Student Question
Who narrates the story "Girl", and what time and place does it occur? What can be inferred about the characters, their relationship, and their status?
Quick answer:
Jamaica Kincaid's "Girl" is set in a small Caribbean community sometime between the 1950s and the 1970s. The speaker is an older woman and a member of the girl's family. She is a housewife from a humble but highly respectable background. She is also socially conservative and preoccupied with the appearance of virtue.
Jamaica's Kincaid's "Girl" first appeared in The New Yorker in 1978. The setting could perhaps be the 1970s, but could also easily be earlier, perhaps the 1950s or the early 1960s, when Kincaid herself was a girl. Local references such as "benna" make it clear that the setting is a Caribbean island, and Kincaid herself has mentioned that the location for the piece is her home country of Antigua.
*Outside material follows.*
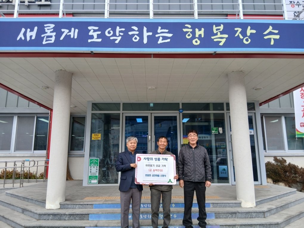 장수군 번암면, 연말 맞아 개인 기탁 이어지며 나눔 온기 확산 (장수군 제공) [PEDIEN] 장수군 번암면에 따뜻한 나눔의 손길이 이어지고 있다.금천마을에 거주하는 신영식 씨가 연말을 맞아 어려운 이웃을 돕기 위해 100만원을 번암면사무소에 기탁했다. 신 씨의 기부는 과거의 아픔을 이겨내고 이웃 사랑을 실천했다는 점에서 더욱 의미가 깊다.신 씨는 6.25 전쟁 당시 부모를 잃고 힘든 시간을 보냈다. 무연고자로 외롭게 지내면서 어려운 이웃에 대한 안타까운 마음을 항상 품고 있었다.신 씨는 금천마을 이장과 함께 면사무소를 방문해 성금을 전달하며 따뜻한 마음을 전했다. 그는 “어려움을 겪는 이웃들에게 작은 위로가 되길 바란다”고 말했다.김성은 번암면장은 “신영식 씨의 나눔에 깊이 감사드린다”며 “자발적인 나눔이 지역사회를 더욱 끈끈하게 만들 것”이라고 밝혔다.이번 성금은 번암면 지역사회보장협의체를 통해 취약계층 지원에 사용될 예정이다. 신 씨의 따뜻한 마음은 어려운 이웃들에게 큰 힘이 될 것으로 기대된다. -

The story is in the voice of an older woman, perhaps the girl's mother or aunt or another close relative. She speaks in a scolding tone and with great familiarity, suggesting that she is close to the girl, probably family, and has some form of authority over her. The speaker is socially conservative and is greatly concerned with the appearance of virtue. She is a traditional housewife and is instructing the girl in how to follow her along this path, hence the preoccupation throughout the monologue with buying food, cooking, and doing domestic chores.
The speaker is clearly from a humble background, but a highly respectable one with an established position in the community. She talks about the girl attending Sunday school and walking like a lady on Sundays, suggesting a strongly religious background. However, like her social advice, the speaker's comments on religion are confined to the way in which it confers respectability.